**Problem description**
Among the entries below, one line contains "Μόλις ξεκίνησε η" and another contains "從上面的公式中我們可以看出容". Transcribe those two lines and every line between them, exactly.

(Saved data entries)
::::::::::

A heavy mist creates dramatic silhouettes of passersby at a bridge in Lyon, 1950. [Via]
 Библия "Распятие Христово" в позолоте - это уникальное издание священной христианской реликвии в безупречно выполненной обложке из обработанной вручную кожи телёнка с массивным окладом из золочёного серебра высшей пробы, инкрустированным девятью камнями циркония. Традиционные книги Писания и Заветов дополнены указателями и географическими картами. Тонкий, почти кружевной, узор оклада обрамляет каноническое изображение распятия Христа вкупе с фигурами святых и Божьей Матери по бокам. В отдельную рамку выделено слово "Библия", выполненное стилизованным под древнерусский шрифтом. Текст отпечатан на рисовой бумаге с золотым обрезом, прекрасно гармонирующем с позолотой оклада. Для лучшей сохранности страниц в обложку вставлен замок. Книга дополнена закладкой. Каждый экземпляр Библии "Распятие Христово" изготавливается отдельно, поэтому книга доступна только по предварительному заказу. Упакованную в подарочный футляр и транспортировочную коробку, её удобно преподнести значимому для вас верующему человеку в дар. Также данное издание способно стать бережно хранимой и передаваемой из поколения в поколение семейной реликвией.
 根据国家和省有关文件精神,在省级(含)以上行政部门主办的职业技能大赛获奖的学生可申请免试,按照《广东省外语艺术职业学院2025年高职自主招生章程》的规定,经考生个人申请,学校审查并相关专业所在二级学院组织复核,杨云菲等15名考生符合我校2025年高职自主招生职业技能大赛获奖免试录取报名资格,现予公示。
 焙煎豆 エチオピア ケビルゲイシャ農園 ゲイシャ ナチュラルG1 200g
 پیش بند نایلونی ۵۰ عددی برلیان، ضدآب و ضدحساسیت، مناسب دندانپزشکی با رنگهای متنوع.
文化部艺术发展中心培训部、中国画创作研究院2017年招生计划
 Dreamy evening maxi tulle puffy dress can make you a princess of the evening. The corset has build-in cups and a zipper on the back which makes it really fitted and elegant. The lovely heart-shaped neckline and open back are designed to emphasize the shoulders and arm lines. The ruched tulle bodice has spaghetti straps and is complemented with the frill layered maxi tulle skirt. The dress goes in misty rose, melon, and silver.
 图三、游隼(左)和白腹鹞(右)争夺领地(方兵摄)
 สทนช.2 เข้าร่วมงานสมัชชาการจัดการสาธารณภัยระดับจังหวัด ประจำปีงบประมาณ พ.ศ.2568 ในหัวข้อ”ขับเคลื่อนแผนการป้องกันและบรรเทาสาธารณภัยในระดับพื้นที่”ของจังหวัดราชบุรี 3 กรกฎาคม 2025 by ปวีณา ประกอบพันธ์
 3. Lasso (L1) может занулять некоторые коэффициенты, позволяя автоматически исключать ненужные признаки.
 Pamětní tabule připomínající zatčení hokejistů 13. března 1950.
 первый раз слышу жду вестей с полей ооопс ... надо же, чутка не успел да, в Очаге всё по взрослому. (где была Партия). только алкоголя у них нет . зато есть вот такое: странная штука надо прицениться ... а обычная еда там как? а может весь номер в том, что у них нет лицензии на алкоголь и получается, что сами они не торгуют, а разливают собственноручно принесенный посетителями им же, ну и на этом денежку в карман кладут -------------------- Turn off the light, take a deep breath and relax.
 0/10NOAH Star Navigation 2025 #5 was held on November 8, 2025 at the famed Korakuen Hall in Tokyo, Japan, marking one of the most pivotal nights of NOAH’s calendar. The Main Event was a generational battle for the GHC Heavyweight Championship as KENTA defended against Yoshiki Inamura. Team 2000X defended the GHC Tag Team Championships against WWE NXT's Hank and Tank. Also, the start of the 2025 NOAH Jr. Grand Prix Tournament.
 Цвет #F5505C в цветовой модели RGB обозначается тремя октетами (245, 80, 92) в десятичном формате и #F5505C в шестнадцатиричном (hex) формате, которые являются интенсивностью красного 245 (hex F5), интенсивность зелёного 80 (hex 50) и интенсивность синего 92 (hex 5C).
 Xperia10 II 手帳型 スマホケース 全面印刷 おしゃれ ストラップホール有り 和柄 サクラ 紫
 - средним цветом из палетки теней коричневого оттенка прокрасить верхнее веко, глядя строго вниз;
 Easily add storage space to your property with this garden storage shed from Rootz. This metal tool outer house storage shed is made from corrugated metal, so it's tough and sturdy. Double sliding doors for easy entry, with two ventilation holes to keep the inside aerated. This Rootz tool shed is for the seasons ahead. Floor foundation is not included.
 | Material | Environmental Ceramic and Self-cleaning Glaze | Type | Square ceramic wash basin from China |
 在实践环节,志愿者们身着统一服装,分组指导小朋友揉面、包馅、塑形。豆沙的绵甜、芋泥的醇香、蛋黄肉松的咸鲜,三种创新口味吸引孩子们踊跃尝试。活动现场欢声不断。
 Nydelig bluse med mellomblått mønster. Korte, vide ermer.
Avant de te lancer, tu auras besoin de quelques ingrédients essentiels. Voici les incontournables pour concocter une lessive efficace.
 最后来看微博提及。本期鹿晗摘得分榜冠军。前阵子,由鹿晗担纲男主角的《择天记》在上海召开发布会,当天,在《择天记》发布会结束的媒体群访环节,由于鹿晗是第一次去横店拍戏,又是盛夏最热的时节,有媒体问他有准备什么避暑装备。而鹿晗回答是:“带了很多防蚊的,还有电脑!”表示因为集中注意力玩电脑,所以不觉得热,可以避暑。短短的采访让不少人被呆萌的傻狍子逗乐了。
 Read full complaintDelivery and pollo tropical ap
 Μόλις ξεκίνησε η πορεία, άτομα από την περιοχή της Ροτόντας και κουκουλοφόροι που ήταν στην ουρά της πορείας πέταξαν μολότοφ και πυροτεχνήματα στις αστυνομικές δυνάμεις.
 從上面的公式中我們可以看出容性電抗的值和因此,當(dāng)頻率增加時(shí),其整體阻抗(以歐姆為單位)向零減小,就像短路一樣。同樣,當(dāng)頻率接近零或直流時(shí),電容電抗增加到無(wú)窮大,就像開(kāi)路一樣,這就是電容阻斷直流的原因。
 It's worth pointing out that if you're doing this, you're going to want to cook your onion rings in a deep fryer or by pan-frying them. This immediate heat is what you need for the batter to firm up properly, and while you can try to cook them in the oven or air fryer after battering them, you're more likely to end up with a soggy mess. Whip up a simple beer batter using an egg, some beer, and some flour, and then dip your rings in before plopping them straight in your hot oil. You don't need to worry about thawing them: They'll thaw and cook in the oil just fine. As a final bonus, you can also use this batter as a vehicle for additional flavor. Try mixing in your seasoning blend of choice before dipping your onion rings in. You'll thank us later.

::::::::::

**Answer box**
 Μόλις ξεκίνησε η πορεία, άτομα από την περιοχή της Ροτόντας και κουκουλοφόροι που ήταν στην ουρά της πορείας πέταξαν μολότοφ και πυροτεχνήματα στις αστυνομικές δυνάμεις.
 從上面的公式中我們可以看出容性電抗的值和因此,當(dāng)頻率增加時(shí),其整體阻抗(以歐姆為單位)向零減小,就像短路一樣。同樣,當(dāng)頻率接近零或直流時(shí),電容電抗增加到無(wú)窮大,就像開(kāi)路一樣,這就是電容阻斷直流的原因。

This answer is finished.